Elon Musk is making a bid to take over Twitter. Photo / AP
Opinion by Liam Dann
Liam Dann, Business Editor at Large for New Zealand’s Herald, works as a writer, columnist, radio commentator and as a presenter and producer of videos and podcasts.
If we forget about inflation briefly (surely we deserve a break for the long weekend), then Elon Musk's potential Twitter takeover is the most interesting business story in the world to me right now.
I think Musk is the most interesting character in the business world. But Ihope he doesn't get Twitter.
Putting aside moral issues around his extraordinary wealth (around US$270 billion), there's a moral hazard in allowing individuals to have total control of media companies - social or traditional.
At a time when trust in government is low, multi-billionaires like Musk are wielding more power than ever.
Barely a day goes by when Musk doesn't generate a global headline.
Since I started writing this column he's made fresh headlines, revealing he doesn't own a home and spends his days staying with friends around the San Francisco area.
The world's richest man simply doesn't have time for property it seems, he's too busy working, making things happen, re-shaping reality.
That is what makes Musk more interesting than just the number of zeros on his balance sheet.
Musk is fascinated by the future and has both the scale and ambition to shape it.
And he is shaping it in myriad ways, not all of them good.
It's probably the moral ambiguity that makes the Musk show so compelling.
The guy is one lab accident away from becoming a comic book superhero. Or supervillain.
It could go either way
Musk doesn't fit standard definitions of conservative or liberal.
He's the guy that turbocharged electric cars with Tesla and made it viable to imagine a world without petrol-powered transport. Tesla is now the fastest-growing car company in the world.
He's passionate about green technology. Tesla has big plans for solar power. He's also throwing money at a weird rapid-transit system of high-speed underground tubes.
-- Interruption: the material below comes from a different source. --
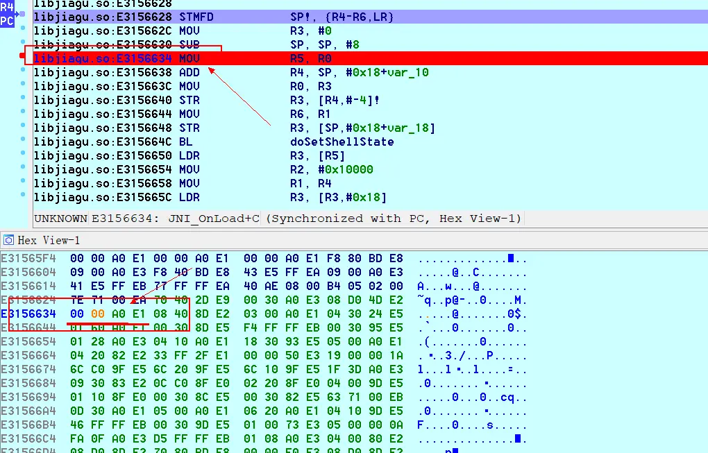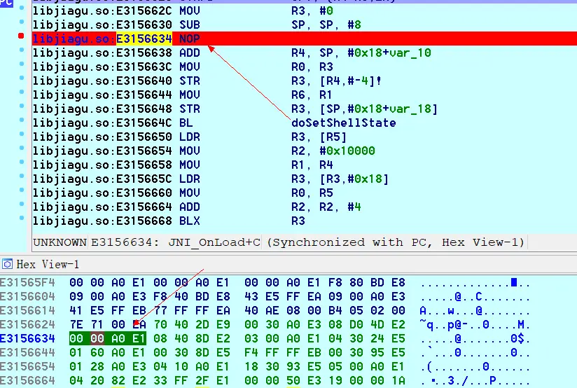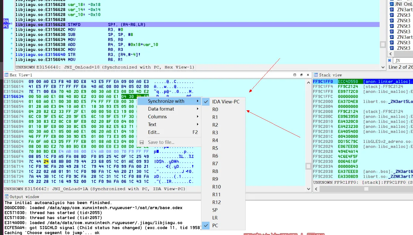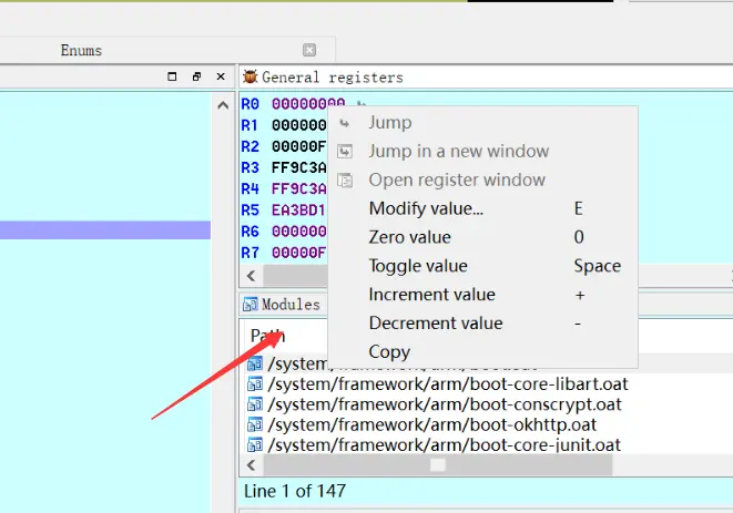 - Hex View-1 :十六进制窗口,与IDA View进行配套,通过右键可以调整数据展示,F2快捷键可以修改数据(常用于动态调试 nop 命令 – 00 00 A0 E1)。

Musk wants to be cool. He smokes pot and has good taste in music.
He dated uber-cool pop star Grimes.
But he also has a distinctly libertarian streak that puts him onside with some of the most right-wing groups in the US.
His views on free-speech have Donald Trump supporters cheering on his Twitter takeover plans.
They believe he'll let Trump and other right-wing voices back on the site, giving them a crucial leg-up in the battle to take back control of the White House.
Musk is obsessed with cryptocurrency, which sits well with libertarian notions of shaking off government control over society.
He's warned about the threat artificial intelligence is to humanity but he's invested heavily in Neuralink - a company working to plug computers directly into our brains.
Why he needs Twitter isn't clear. It isn't the money, so we have to assume it is for the influence.
When it comes to Twitter, I'm biased. Like a lot of journalists, I spend far too much time on the site.
I'm invested. Not in a financial sense. I haven't given a single dollar to Twitter, just countless hours of what media execs like to call engagement.
Twitter is a profitable enterprise - but not hugely by the standards of its tech-boom peers.
Musk thinks he can make it more profitable.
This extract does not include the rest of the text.